───── DATA SHOWN ─────

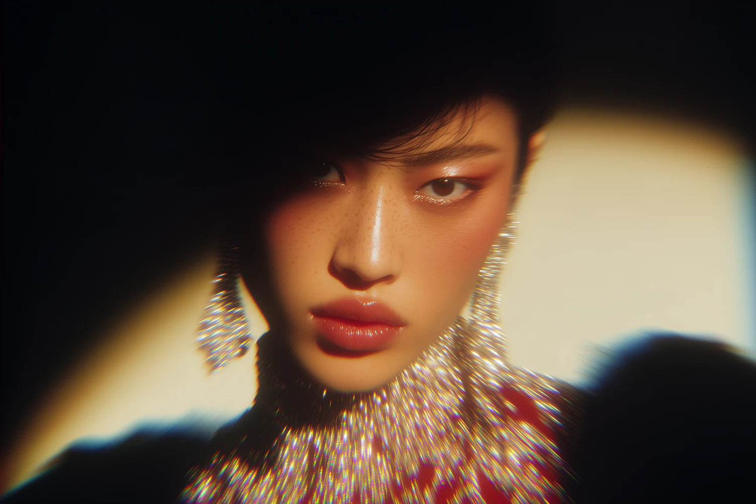 Close-up portrait of a person with bold makeup, sparkling earrings, and dramatic lighting, creating an intense and striking visual.
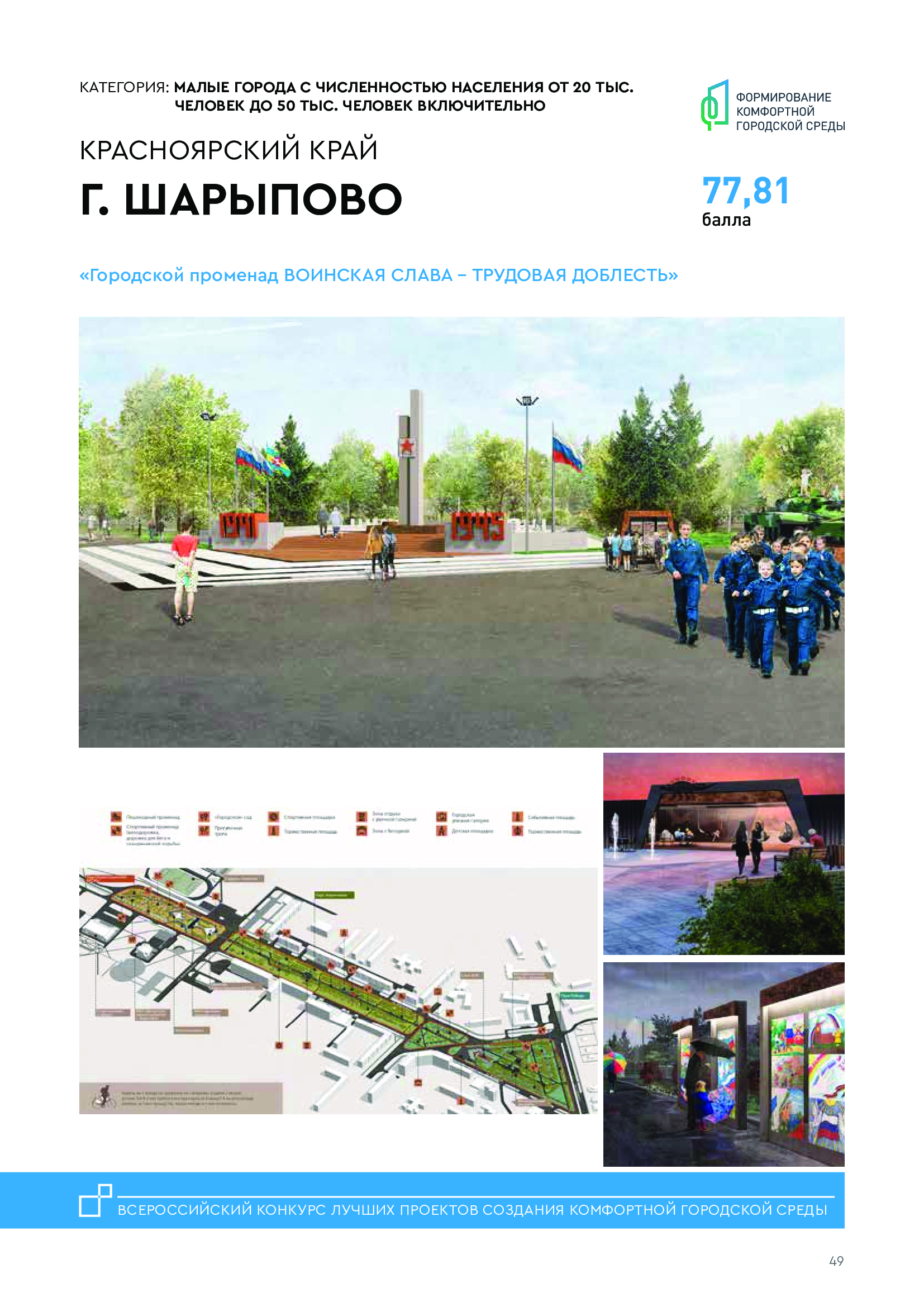 Проект города Шарыпово «Городской променад воинской доблести и трудовой славы» вошел в число победителей VII Всероссийского конкурса лучших проектов создания городской среды. Торжественная церемония подведения итогов конкурса состоялась в Москве 23 декабря.
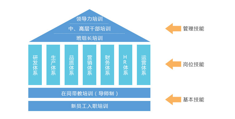 公司根據員工的職業生涯發展及崗位技能要求,有科學先進的培訓體系,分別為:新員工入職培訓、在崗帶教培訓(導師制)、崗位專業培訓、班組長培訓、中、高層干部培訓、領導力培訓等。并擁有現代化的培訓室、公司內、外部資深培訓師,能滿足不同層級員工的技能需求。
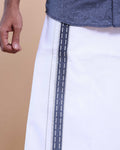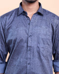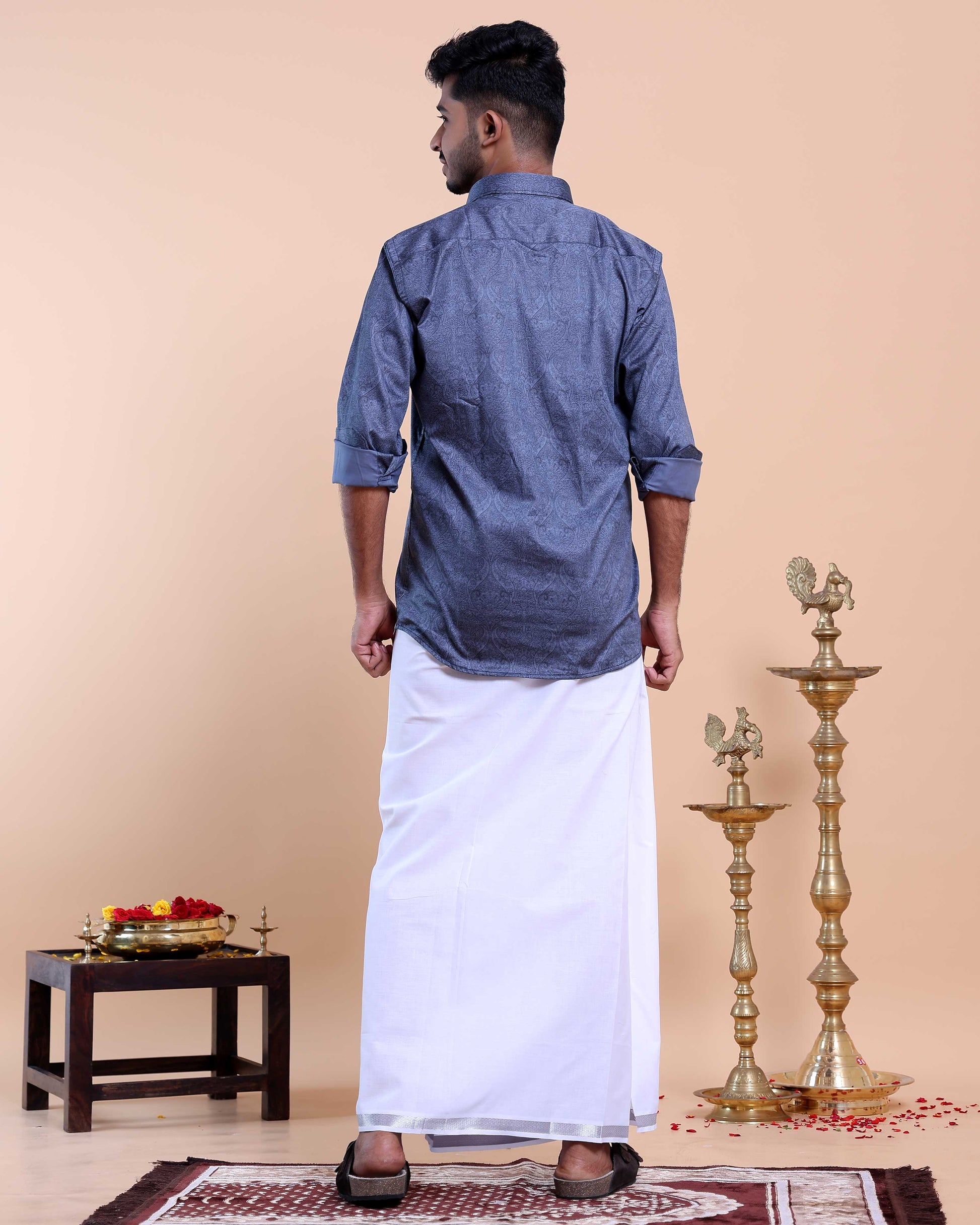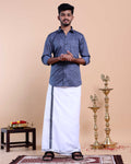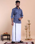 Elevate your traditional style with this men's Blue Color shirt and White Color dhoti set, crafted from comfortable cotton

─────

TASK OBJECTIVE — Leave the pictures out and return the rest of the listing exactly.

RESULT BELOW —
 Close-up portrait of a person with bold makeup, sparkling earrings, and dramatic lighting, creating an intense and striking visual.
 Проект города Шарыпово «Городской променад воинской доблести и трудовой славы» вошел в число победителей VII Всероссийского конкурса лучших проектов создания городской среды. Торжественная церемония подведения итогов конкурса состоялась в Москве 23 декабря.
 公司根據員工的職業生涯發展及崗位技能要求,有科學先進的培訓體系,分別為:新員工入職培訓、在崗帶教培訓(導師制)、崗位專業培訓、班組長培訓、中、高層干部培訓、領導力培訓等。并擁有現代化的培訓室、公司內、外部資深培訓師,能滿足不同層級員工的技能需求。
 Elevate your traditional style with this men's Blue Color shirt and White Color dhoti set, crafted from comfortable cotton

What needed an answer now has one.